Russian River, 3 p.m.
May 10, 2017 § 2 Comments

Mary Robertson | Three Canoes
THIS IS, OF COURSE, the Russian River the casual tourist never sees. He’s in the middle of the damn painting, for one thing. For another, he’s got his eyes closed, soaking up the pure, unreflected heat. He’s too preoccupied, meditating, suspended weightless between water and sky. If he wasn’t on his day off, he’d probably notice the atmosphere is positively luminescent. Pass the Stroh’s, willya?
This is the world as seen by Mary Robertson. “For me, it’s always three in the afternoon, summer,” says Robertson. “No evenings, no mornings.”
Working from photographs, she paints the vacationers and their accoutrements as they float past her vantage point. “It seems to me as though the same swimmers, the same summer people, are always there,” says Robertson, who works with oil on linen and Masonite, not trying to capture the glow of the smogless afternoons but capturing it just the same. This is no small achievement; her work has been compared to Winslow Homer’s, Edward Hopper’s and especially, in its understanding of light, water and timeless human presence, to the Charles River paintings of Thomas Eakins.

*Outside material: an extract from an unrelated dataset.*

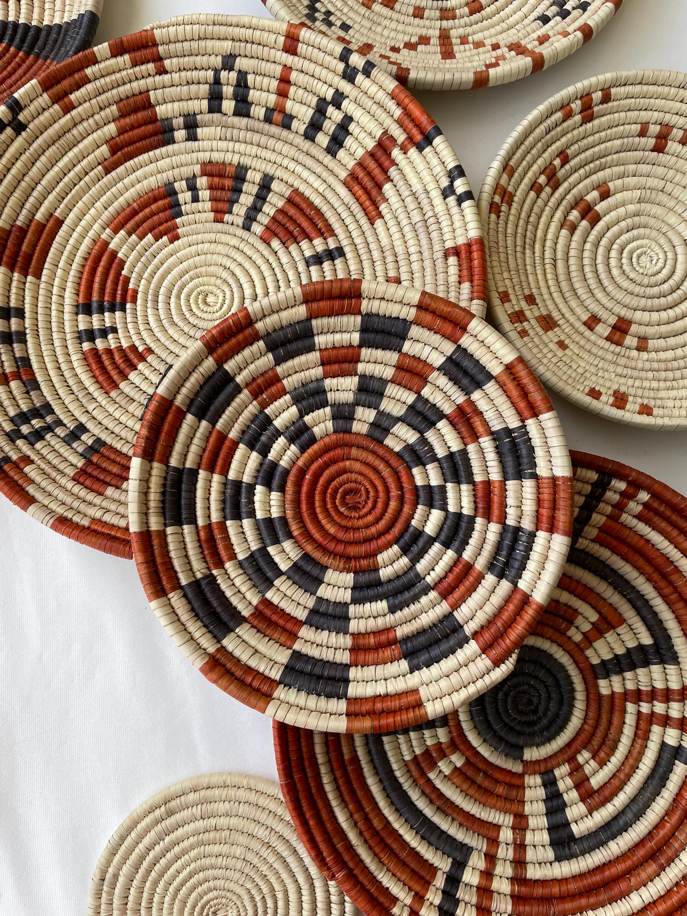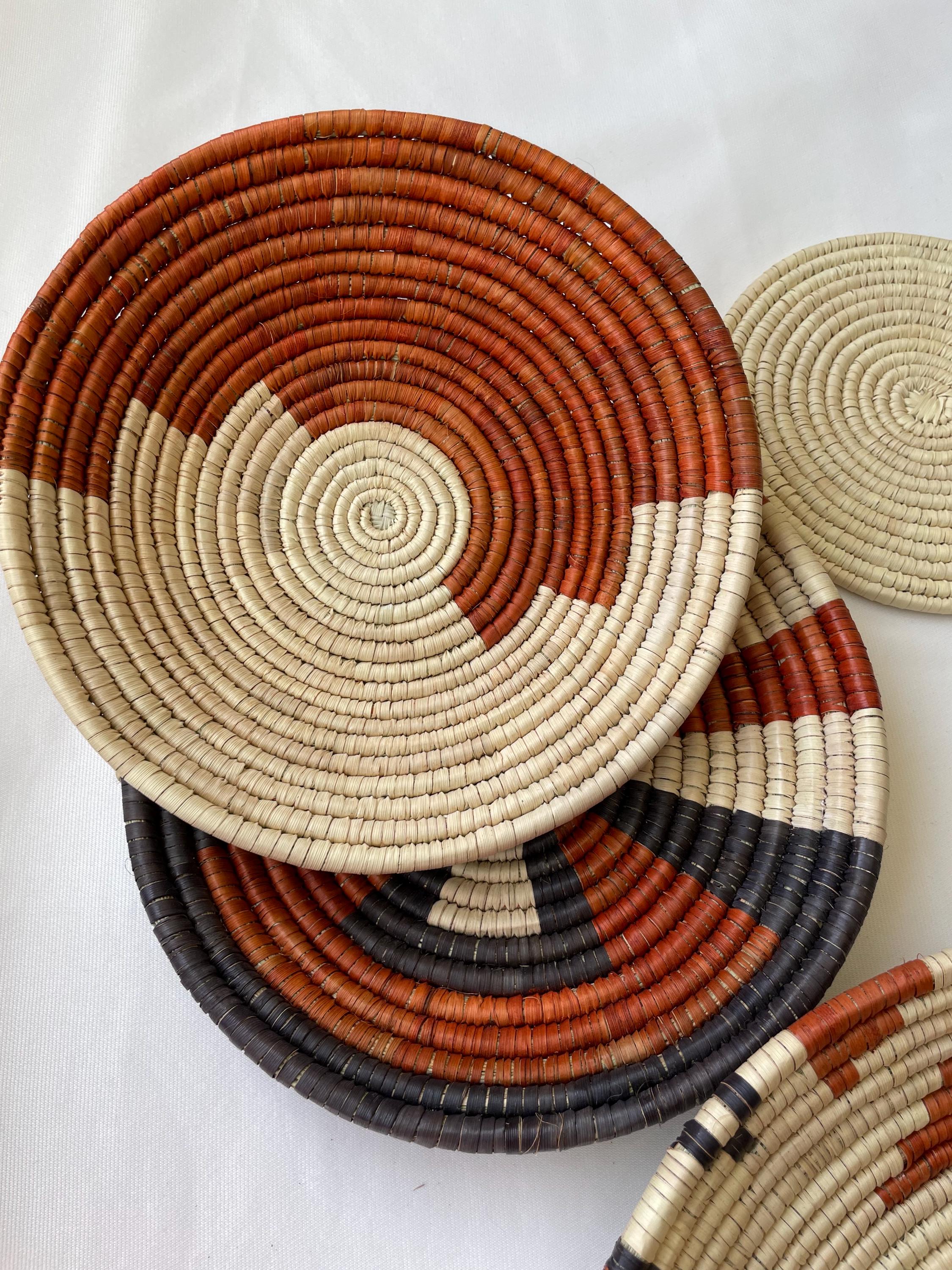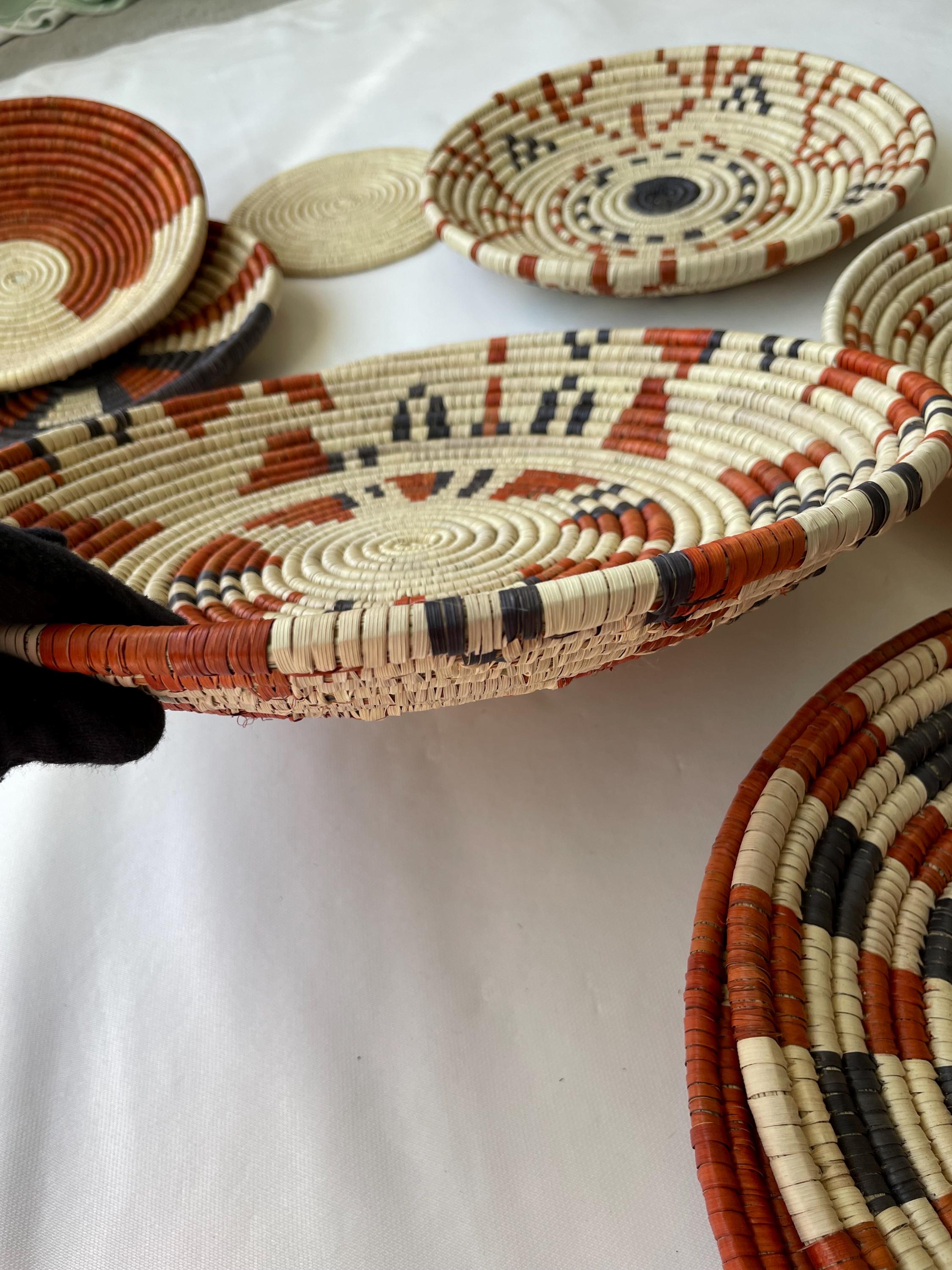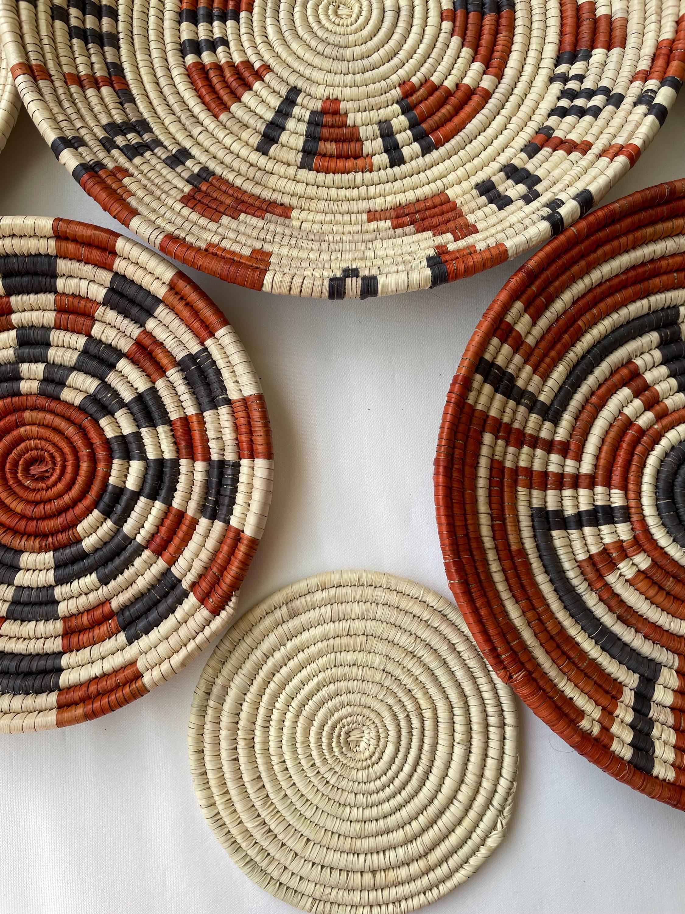 This set of nine boho wall baskets combines traditional craftsmanship with a contemporary aesthetic, featuring bold, striking patterns that bring an neutral colors to any room, these woven wall baskets add texture, depth, and a globally inspired touch to your decor.

“After my first show, somebody pointed that out to me, so I studied him,” says the artist. “It was a little embarrassing, really, for I hadn’t made the connection. To tell you the truth, I just paint what I see.”
The river itself is changing. “Last year,” she says, “They started releasing water upstream. The water is getting clearer. It’s also getting harder to paint. You can see the bottom — it’s like painting gin instead of pea soup. I’m afraid that what Gordon Cook [the painter] said about me is true — that I have a marvelous feel for algae.”
— MELVIN MARCUS
So great!
It is all there for her at the river!